Si può fare sistema senza gridare AL LUPO, AL LUPO?

Il nostro Paese è spesso e da lungo tempo appellato come il Paese che non sa fare sistema, ovvero che di fronte a scelte strategiche, decisioni importanti per la vita del Paese, ma anche più semplicemente per mettere a terra un qualsivoglia progetto di interesse collettivo, si perde nei meandri della burocrazia e dei veti incrociati ora di questa, ora di quella amministrazione, authority, corte, agenzia, insomma dei vari apparati dello Stato e non riesce a portare a compimento il progetto.

Il luogo comune corrisponde purtroppo a verità e anche negli ultimi tempi abbiamo assistito a molte decisioni governative bloccate da vari altri organi dello Stato.
Quindi la domanda resta fondamentale per il buon funzionamento di uno Stato e per la sua governabilità.
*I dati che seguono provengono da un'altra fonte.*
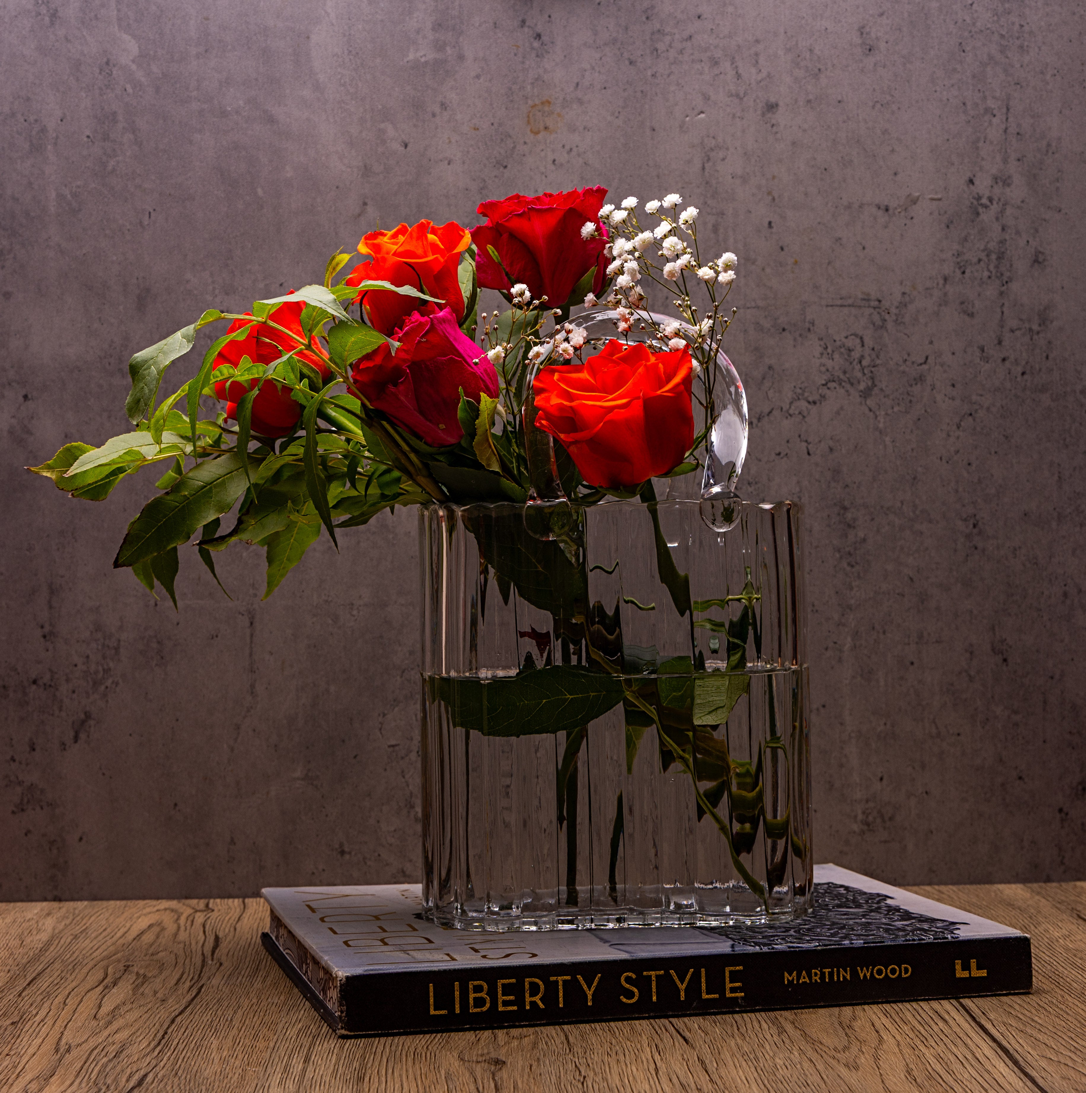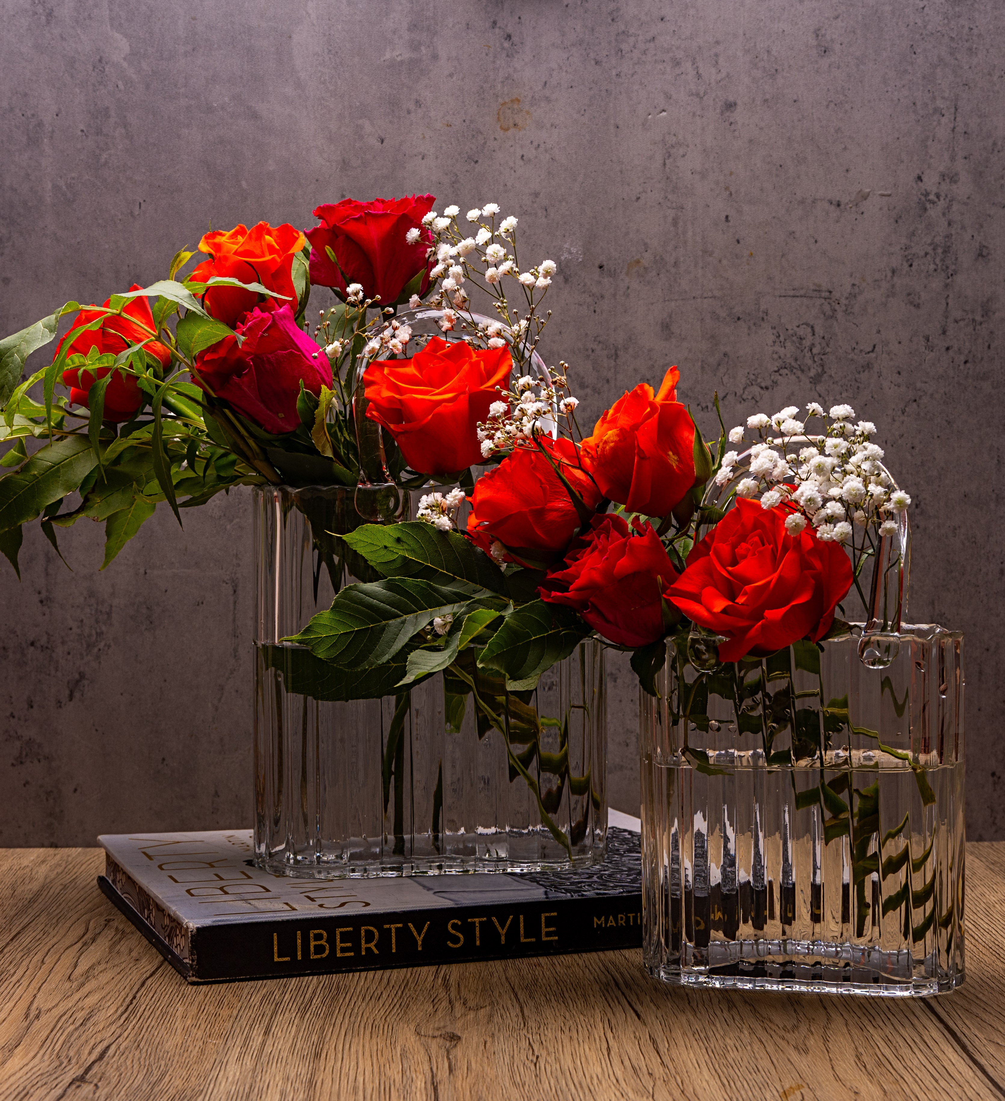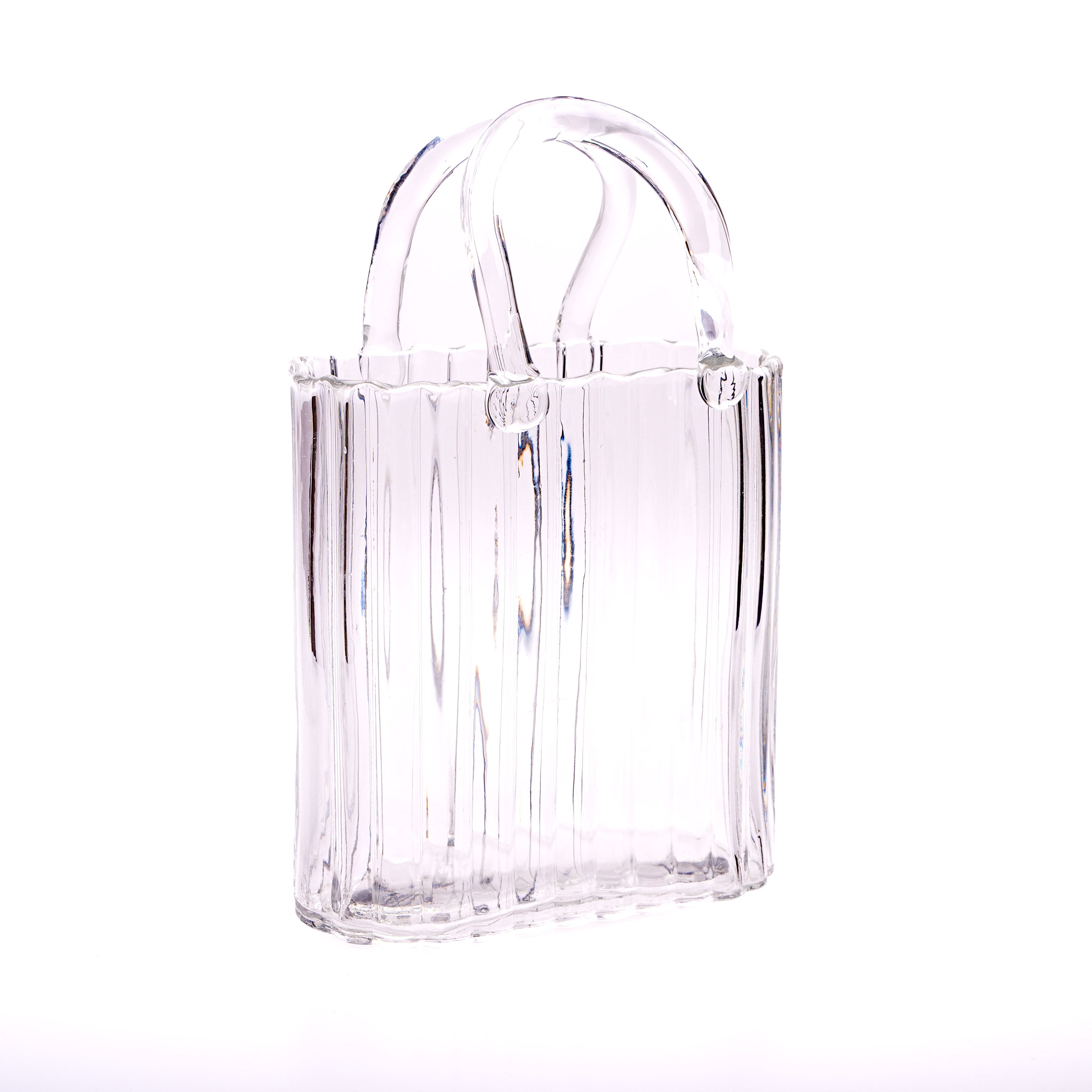 Style: Handbag-shaped vase crafted from transparent ribbed glass

Come si può fare sistema senza mettere a repentaglio i principi democratici e l’ordine repubblicano che sostanzialmente si basa sulla separazione dei poteri e sul bilanciamento degli stessi attraverso un sistema di cosiddetti pesi e contrappesi?

Non è un problema di lana caprina, ma anzi oggi più che mai, un problema fondamentale in quanto i tempi che viviamo richiedono scelte e decisioni rapide ed efficaci.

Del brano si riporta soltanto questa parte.